My scans showed that my liver is doing pretty well, no new tumors and is recoving from surgery. My lungs each had a tiny new spot in them. These spots don't look like the known tumors and are too tiny to biopsy, so we are just going to watch them for now. BUT, my scans also showed a new tumor. Something that was not on my scans from a few months ago at all. A new tumor in one of my vertebrae. So this has thrown all our treatment plans, and my Christmas spirit, into chaos. 
Right now, the plan is to go back to Mayo next week and treat the spinal tumor with a high dose treatment of radiation. Then after that, the plans get murky... and so do my spirits.
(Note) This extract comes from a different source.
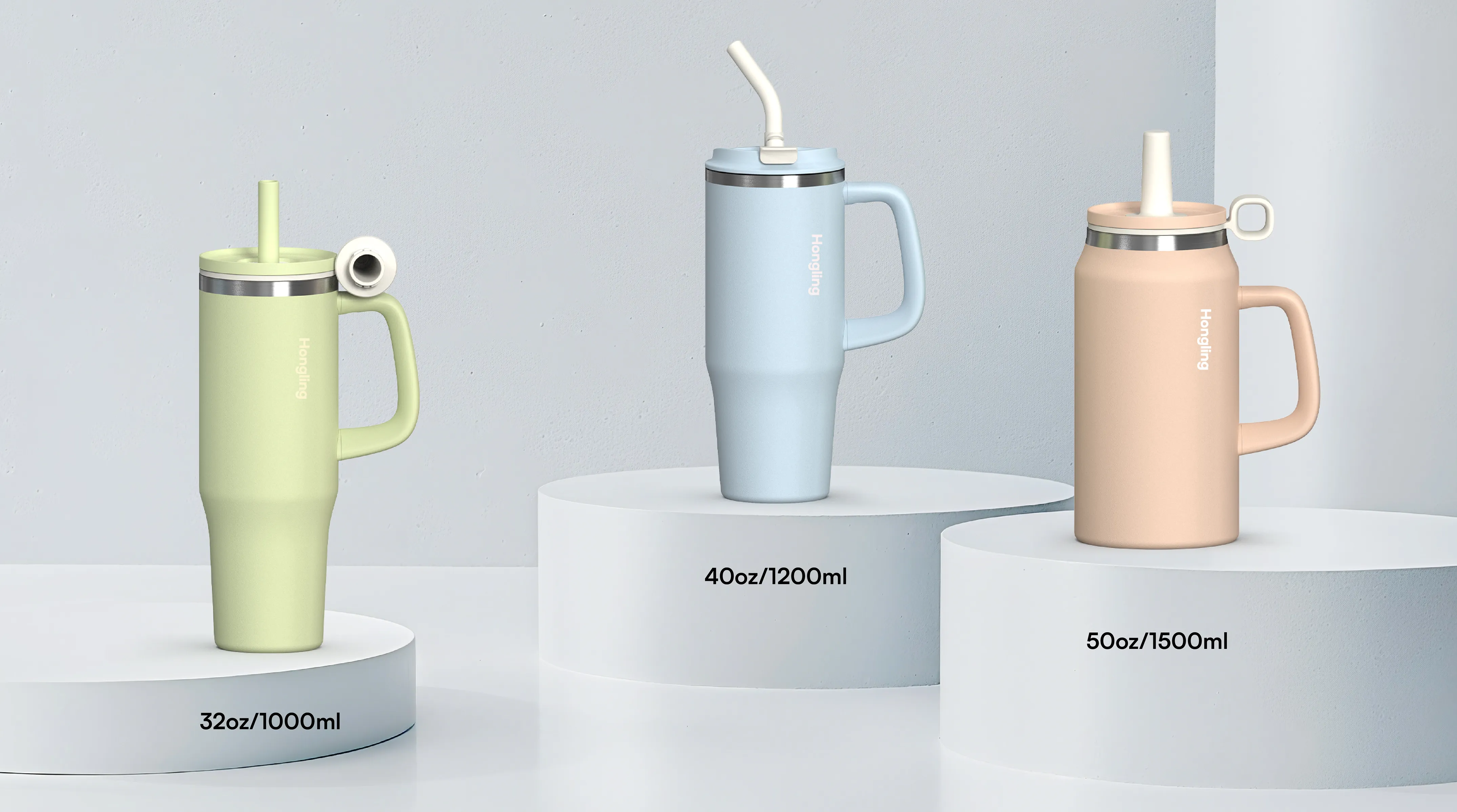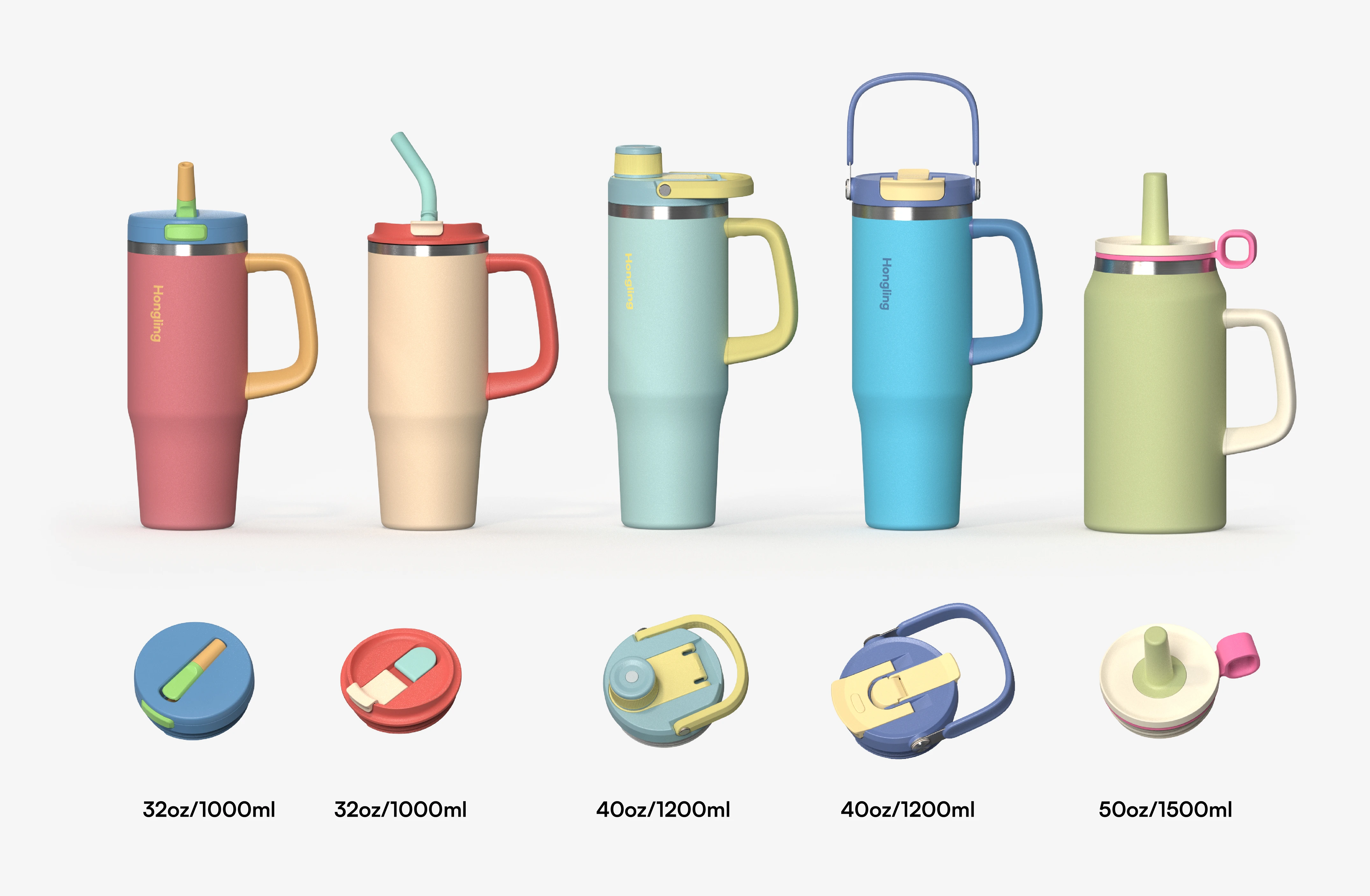 This tumbler is available in three capacities:32oz/1000ml,40oz/1200ml,50oz/1500ml. The cup body adopts a rounded shape and is paired with colorful designs

There is debate going on between my doctors about how to proceed after we treat the spine. Do we resume the previous plan? Do we shorten or modify the chemo? Do we do the breast radiation or not? Everything is in question because we, once again, don't know what move this stupid cancer is going to make next. (which stupid cancer? I don't even know anymore. But all three of them are stupid.) And ultimately, everyone is waiting for me to make the decision.
This isn't what Christmas is supposed to be like. That's what keeps playing over and over in my head. This just isn't Christmas. Teach Kylynn school. Try to help Kylynn understand these new changes. Keep up (sort of) with house stuff. Get presents bought and wrapped (you wouldn't think my new predicament would change the present buying part but it sort of does. weird). Figure out the logistics of this next Mayo trip. Keep up with my Etsy shop. Try to make this new news "okay" for everyone else. Try to make sense of the new news myself. And on and on the list goes. It often always feels like too much. I've been waking up at 3:30 in the morning, for no other reason it seems, than to just cry. Same thing happens when I have a rare moment of quiet (usually in the shower), I just cry. This isn't what Christmas is supposed to be like. Is it?
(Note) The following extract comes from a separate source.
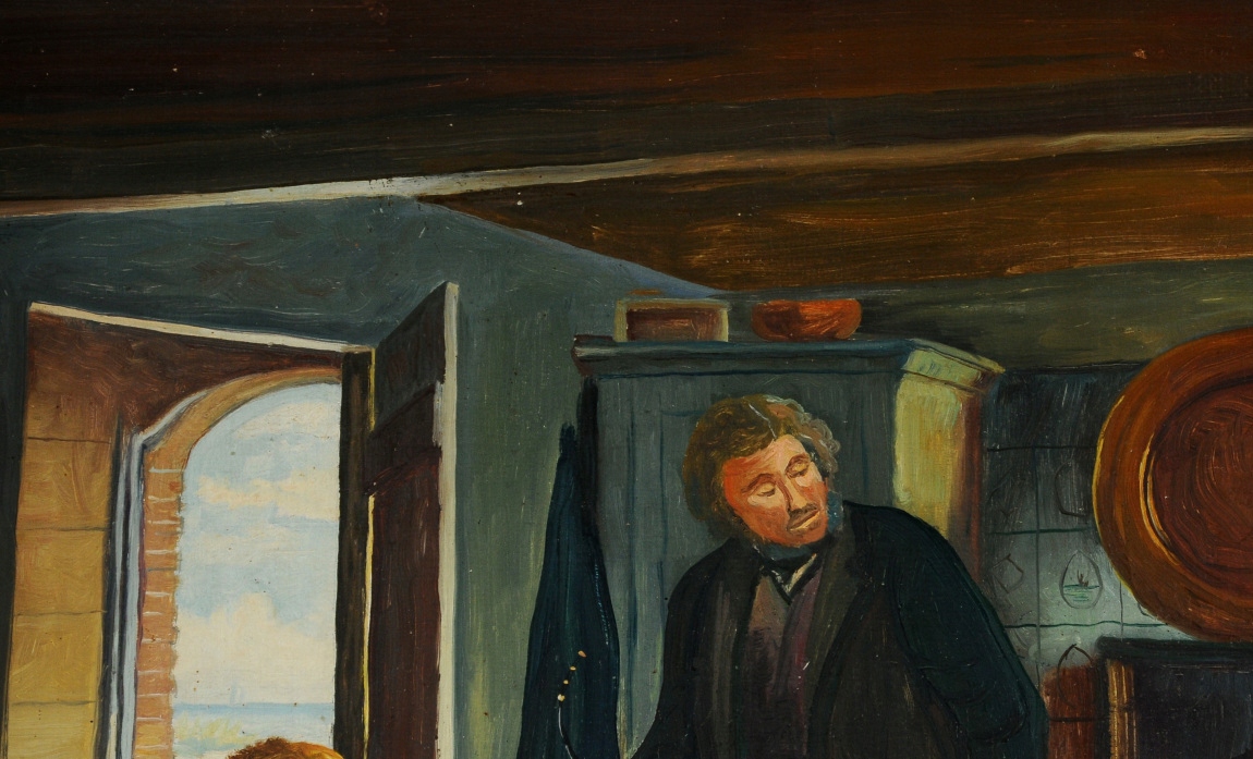Жанрская сцена "Женщины за столом" Уникальная старая нефтяная картина !!!

"Angels and archangels may have gathered there, 
 cherubim and seraphim thronged the air; 
 but his mother only, in her maiden bliss, 
 worshiped the beloved with a kiss."

But then, maybe it is. Maybe it is just different this year. Maybe I'm looking at this all wrong. It is still Christmas after all.  I keep thinking about how things played out that first Christmas so many years ago. Probably not the way Mary thought they would. Probably not at all. But she accepted it all with her quiet "be it done unto me" heart and faith. She accepted her poverty, she welcomed guests and made things "okay" for them, she adored her baby and the changes that brought to her life (even the knowledge of the heartache she would later endure), and she went forward into her new unknown with an accepting, grateful heart  and a willingness to serve. So maybe that is my Christmas this year, maybe that is the change. For all that I say that cancer is screwing up my Christmas, I do still feel like it is Christmas. It's like things have just shifted a little, a new light has been shown over things and everything has a slightly different focus. My comfortable, predictable Christmas has been disrupted.  And maybe that is as it is supposed to be, Maybe that is my Christmas this year. Mary I am not, but maybe, just maybe, this Christmas I can learn a tiny bit of her "be it done onto me" heart.

"What can I give him, poor as I am? 
 If I were a shepherd, I would bring a lamb; 
 if I were a Wise Man, I would do my part; 
 yet what I can I give him:  give my heart." 
These little quotes I've been putting in here are the lyrics to one of my favorite Christmas songs, "In the Bleak Midwinter". This year I am loving the song even more as I find myself in what feels like a very bleak midwinter. But even though the frosty winds are moaning, even on the rainiest day, there is a hope and a light to be found at Christmas. At a time when I feel more in need of a miracle than ever, Christmas reaches out though 2014 years and reminds me of the greatest miracle ever... and it's not just for me. This miracle belongs to us all and makes all other miracles possible.

I wish you a Merry Christmas, friends and strangers alike. A very Merry Christmas.